The predictive mean and standard deviation is obtained by averaging over chains (axis 0) and predictive samples (axis 1) for each of the 100 data points in x_test (axis 2).

In [14]:
predictive_samples = draws_posterior.posterior_predictive.data_vars['model/t_obs'].values

m = np.mean(predictive_samples, axis=(0, 1))
s = np.std(predictive_samples, axis=(0, 1))

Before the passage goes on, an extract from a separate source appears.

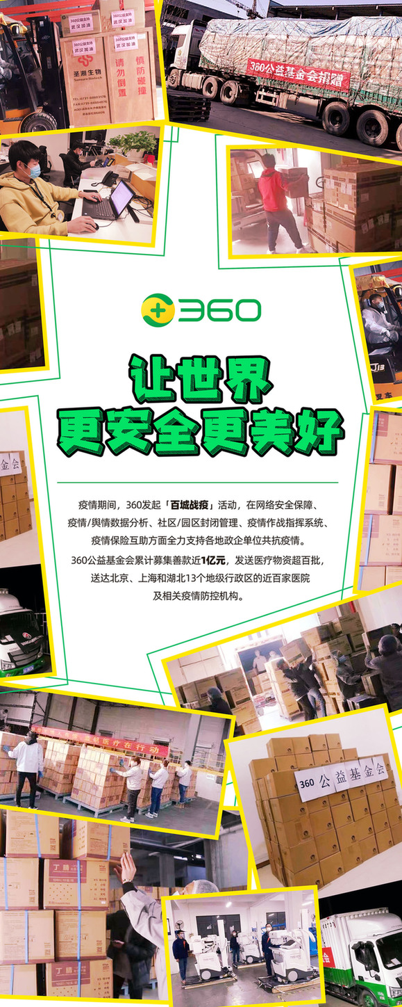 2020年初,面对突如其来的新冠疫情,360在做好自身经营工作的同时,积极履行社会责任,全力支持疫情防控工作。360和各个兄弟公司、海外合作伙伴,募集了近亿元善款,全力采购抗疫物资、设备,亲手送到了湖北13个地级行政区的近100家医院及相关疫情防控机构。捐赠物资的选择上,360在捐赠初期着眼于为疫区提供亟需物资,采购了消毒液、手套、口罩、检测试剂盒等。在行动启动一周后,利用360的科技敏感度,转入“长短结合”的捐赠策略阶段,以CT机等高科技医疗设备的捐赠为核心,以湖北各地市基层医疗机构为主要捐赠目标,短期内帮助解决基层医疗机构的“分流难、确诊难”卡点,长期则可助力基层医疗机构提升医疗硬件水平,发挥长效作用。

These statistics can be used to plot model predictions and their uncertainties (together with the ground truth and the noisy training dataset).

In [15]:
plt.fill_between(x_test, m + s, m - s, alpha = 0.5, label='Predictive std. dev.')
plt.plot(x_test, m, label='Predictive mean');

plot_data(x, t)
plot_truth(x_test, y_true, label=None)

plt.legend();

Try running the example again with Gaussian expansion i.e. setting expand = expand_gaussian and see how it compares to polynomial expansion. Also try running with a different number of basis functions by overriding the default arguments of expand_polynomial and expand_gaussian. You can find more PyMC4 examples in the notebooks diretory of the PyMC4 project.